The Hilgards established the Laboratory of Hypnosis Research at Stanford in 1957. To learn the basics of how to hypnotize and what to expect from subjects under hypnosis, Ernest Hilgard brought in a collaborator many scientists at first questioned: former stage hypnotist Andre Weitzenhoffer, who went on to earn a doctorate in psychology.

By 1959, the Hilgards and Weitzenhoffer had developed what became known as the Stanford Hypnotic Susceptibility Scale. The scale, still in use today, can help determine a person's likelihood of being hypnotized and to what degree, providing guidance for doctors trying to use hypnosis to relieve pain or modify harmful habits such as smoking.
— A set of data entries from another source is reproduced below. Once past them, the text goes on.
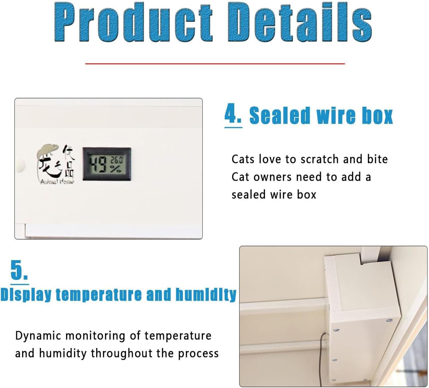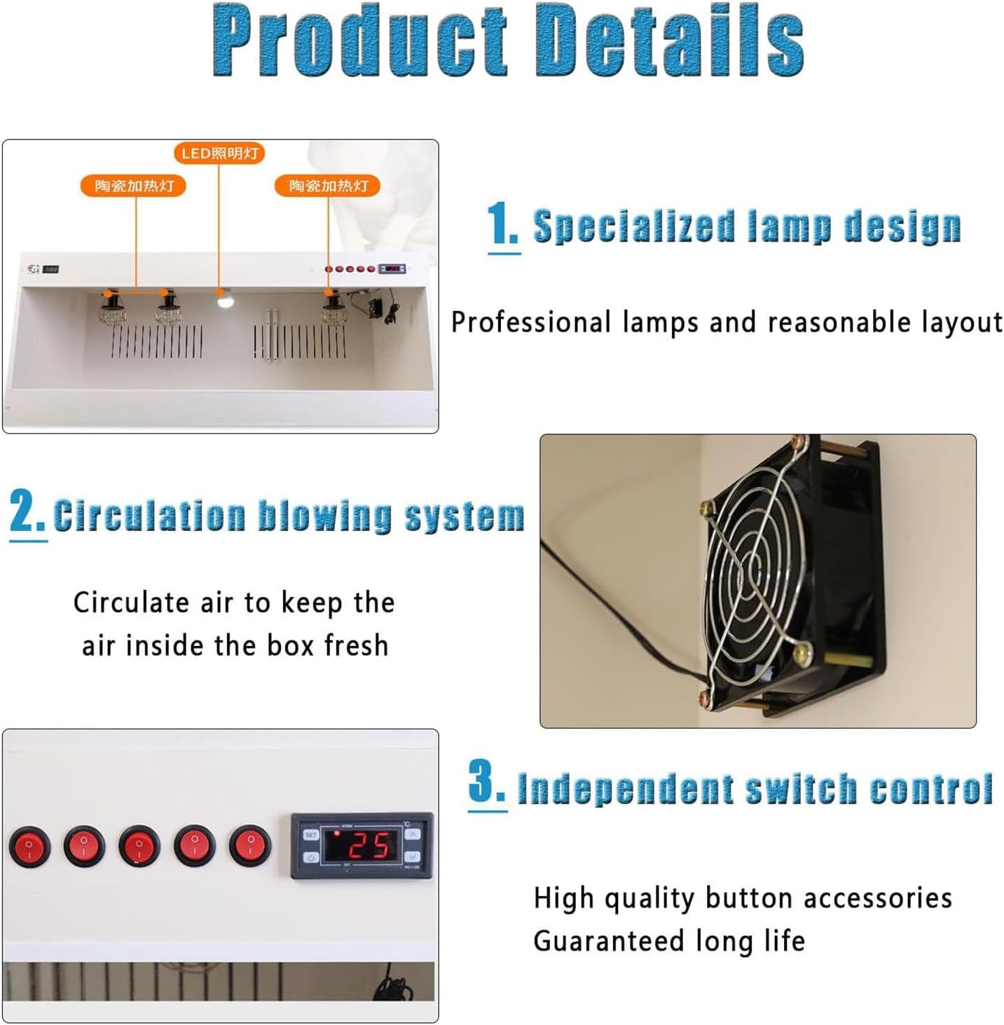 Puppy Cat Incubator Provides a clean, warm and comfortable living environment, ensures sufficient breast milk and prevents puppies from frostbite. This is a perfect incubator. Take it home quickly!Features:- LED lighting, ceramic heating lamp, equipped with professional lamps, reasonable layout.- Special lamp tube design, more environmentally friendly, sealed metal box to prevent cats from scratching and biting.- Dynamic monitoring of temperature and humidity throughout the process, intelligent constant temperature adjustment, successfully improve the survival rate.- Circulating air keeps the air in the box fresh, and multiple vents ensure exhaust. The puppy incubator has independent switch control and is easy to use.Specifications:Product Name: Puppy Cat IncubatorVoltage: 220 VVolume (Package Size):60 x 50 x 50 cm / 23 x 20 x 20 inches (64 x 54 x 25)80 x 50 x 50 cm / 32 x 20 x 20 inches (84 x 54 x 25)100 x 60 x 60 cm / 39.3 x 23.6 x 23.6 inches (104 x 64 x 20 inches)Net Weight: 16 kg / 20 kg / 34 kgPackage Included:1 x Puppy IncubatorWe sell quality products at the best price and excellent service. Your questions will be answered within 24 hours. If you have any questions, please feel f ree to contact us.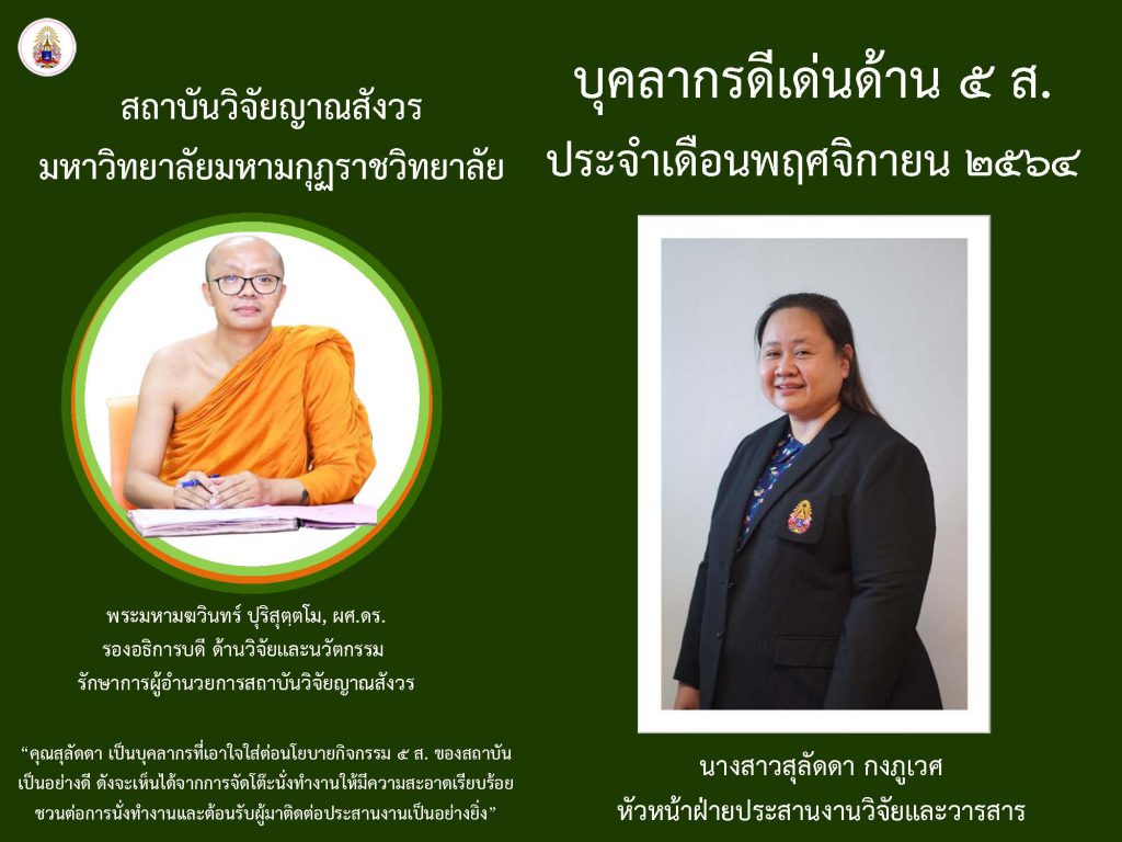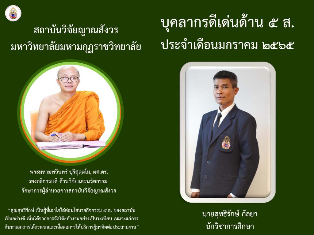 ข่าวสารกิจกรรมบุคลากรดีเด่นด้าน ๕ ส. ประจำเดือนพฤศจิกายน ๒๕๖๔ Sutthirak Kanlaya / 4 กุมภาพันธ์ 2022 หลังจากที่สถาบันวิจั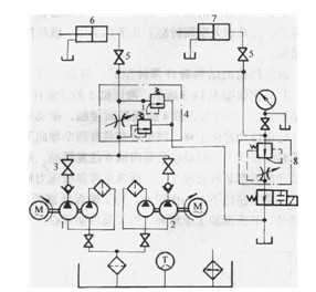 圖4回轉窯檔輪液壓系統(tǒng)圖

"While there are many unanswered questions about how hypnosis works and whom it will work for," Hilgard told reporters at the time, "enough evidence is in to support it fully as a therapeutic tool."

Hilgard and his wife went on to study more about the susceptibility of potential hypnosis subjects, concluding among other things that the most important factor is an ability to put aside reality temporarily and absorb oneself in fantasy, as when reading a book of fiction. They also studied the use of hypnosis in treating childhood cancer and eliminating pain during surgery.

The Hilgards wrote such books as "Hypnosis in the Relief of Pain" in 1975 and "Divided Consciousness: Multiple Controls in Human Thought and Action" in 1977.

Hilgard, former president of the International Society of Hypnosis and the American Psychological Assn., lived through and influenced so much of the development of modern psychology that he became its natural historian. In 1978, he published the book "American Psychology in Historical Perspective" and in 1987 another, "Psychology in America: A Historical Survey." In 1988, he edited "Fifty Years of Psychology."

Hilgard's wife died in 1989. He is survived by a son, Henry, of Santa Cruz; a daughter, Elizabeth Jecker, of San Luis Obispo; five grandchildren; and six great-grandchildren.